Okul açtıkları ülkelerde verdikleri ‘kaliteli eğitim’ sayesinde, oralardaki elitlerin ve devlet yöneticilerinin çocuklarını yetiştirdiklerini… Onlara Türkçe öğretip, Türkiye ve Türk Milleti sevgisi aşıladıklarını anlattılar.
Gözlerimiz dolup, yüreğimiz kabararak dinlediğimiz bu ‘hikâyeleri’, yazdığımız kitaplarda ve raporlarda anlattık. Devletin ilgili bölümlerine sunduğumuz raporlarda, Türk Devleti’nin, başta o yapı olmak üzere, diğer tüm sivil ve yumuşak güçleri iyi değerlendirmesi ve millet menfaatine yararlanması önerilerinde bulunduk.
KUTSALIMIZ İSTİSMAR EDİLDİ
Dedik ya; sahnedeki illüzyon, hepimizi damardan yakalayan millî duygularımız ve iman davamız üzerine kurgulanmıştı.
‘Hizmet’ adı altında ‘ihanet’ çukuru kazan… ‘Altın nesil’ söylemleriyle, bu milletin evlatlarından en az iki nesli heba eden, kendisine tabi olmasa bile sempati duyan milyonların cebine elini daldıran, ‘infak’ adı altında saf insanımızın trilyonlarca lirasını çalan, kurban kesme vaadiyle topladığı paraları dahi haram dolu kursaklarına indiren bu ihanet şebekesinin iç yüzünü ilk keşfeden tepe yönetici, Başkan Recep Tayyip Erdoğan oldu.
O dönem siyasî kulislere sızan bilgilere göre; ‘Cemaat’, 2011 Genel Seçimleri için Erdoğan’dan 100 milletvekillik kontenjan istedi. İşte o an Erdoğan’ın ‘dişine taş değdi’. Zira 100 vekil, AK Parti iktidarını istediği gibi yönlendirmeye veya hükümeti düşürmeye yetecek bir güç demekti.
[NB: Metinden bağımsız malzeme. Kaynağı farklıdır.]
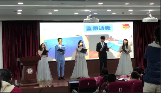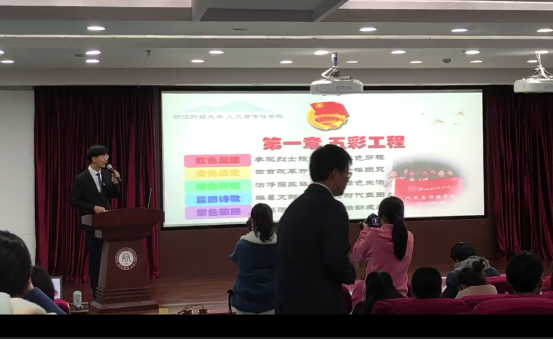 2018级文传(1)班班长兼团支部副书记郭继同学以《新时代、新青年的“五彩工程”》为主题,向在场评委和观众展示了班级团支部开展的“红色足迹”、“金色历史”、“绿色环境”、“蓝图诗歌”和“紫色团建”五大特色活动。六名同学现场朗诵了支部自己编写的歌颂红船精神的“蓝图诗歌”,充分展现漫画人
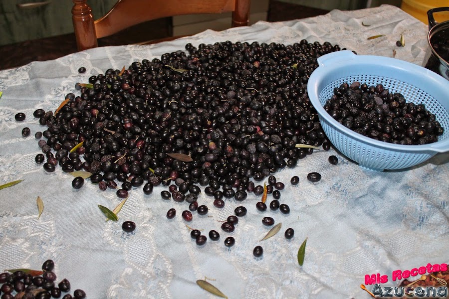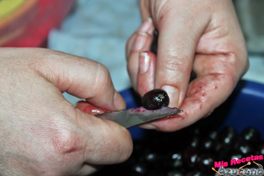 Para esta receta necesitaremos que las aceitunas estén bien maduras, las lavaremos y con ayuda de un cuchillo le haremos un corte a lo largo a cada una, yo no tengo máquina para hacer los cortes, toca hacerlo a mano.

Elbette tecrübeli siyasetçi, o talebi karşılamadı. Sonradan gemiyi terk edenleri dikkate alırsak, muhtemelen 16-17 vekillik verildi.
HAİNLERE KARŞI SERT MÜCADELE
Fakat bir kere kuşku başlamış, cin şişeden çıkmıştı. Erdoğan, o ihanet şebekesiyle arasındaki mesafeyi giderek açan bir siyaset izlemeye başladı. İhanet şebekesi de olup bitenlerin farkındaydı.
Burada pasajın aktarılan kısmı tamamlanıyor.